At the beginning of June, crypto observers in had pegged volatility to regulations that could hurt cryptos. Much of the current volatility in crypto is due to regulators worldwide making moves that could make cryptos less attractive.
For example, in the spring (May) of 2021, the Treasury Department released a report called the “American Families Plan” as proposed by Biden. The premise is that those in the top end of the income distribution can avoid by taxes by investing in cryptos.
The Securities and Exchange Commission (SEC) is reportedly working on regulations aimed to protect retail investors. Then there is U.S. President Biden’s plan to revamp the U.S. tax code. The plan would snare crypto investors by nearly doubling taxes on their capital gains on their crypto earnings.

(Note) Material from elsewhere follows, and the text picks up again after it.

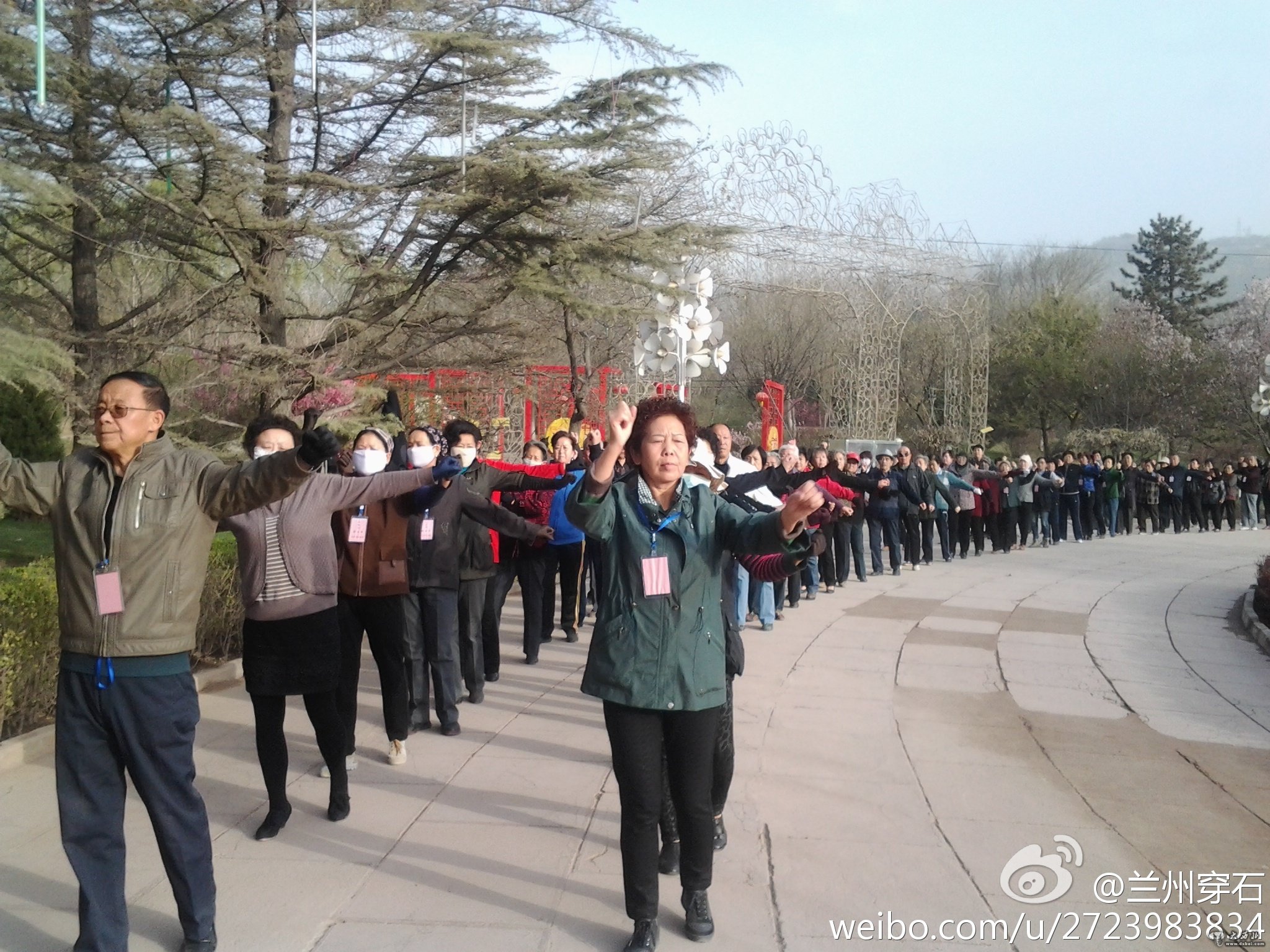 几百名人们排成整齐的两人双队,慢慢沿着兰州小西湖公园内的圆圈行走,时而双手摆动时而扭动腰肢。参加徒步操的多数是老人,每个人身上戴着健美操小方牌。一位老人讲徒步健美操速度不快,很适合老人锻炼身体。 (责任编辑:鑫报)

The Federal Deposit Insurance Corporation [FDIC] has requested information about how banks are using digital assets. The FDIC deemed its move as a call l for “current and potential digital asset use cases” at insured institutions.
And last, but not least, is the Chinese government. It continues to be anti-crypto, with plans to take a more active role in regulating cryptocurrencies in the near future. Whether its moves will be mitigating factors for cryptos’ prices moving higher remains to be seen. Prior moves, such as cracking down on crypto exchanges didn’t stop Bitcoin’s stump to its historic price high of $63,729.50
META 1 prides itself on having created a comprehensive solution for a free crypto economy that cannot be regulated or stiffed by the world’s governmental bodies.
Officials state that by creating META 1 and what they call METANOMICS there is now a platform for Free Humans to transact without interference. They refer to METANOMICS as a
“…dynamic ecosphere of a private appreciating stable coin META 1 Coin, designed to be a replacement for sovereign currency, a private decentralized exchange META Exchange designed to be a platform for free, unencumbered commerce, a private bank, META Investment bank that is free from the grasp of the Central Banks and a legal education arm Universal Law that offers asset protection and empowers humans to liberate themselves from the corrupt system and returns their legal status back to that of a Free Human.”
Despite the headwinds cryptos face, the space has been resilient by gaining more trust among traders and investors. Many outfits, like META 1 have taken many steps to earn trust. As noted above, structuring palatable smart contracts is one way to become reputable.
Poising themselves as reputable players is essential for the crypto space to continue to draw interest and thrive.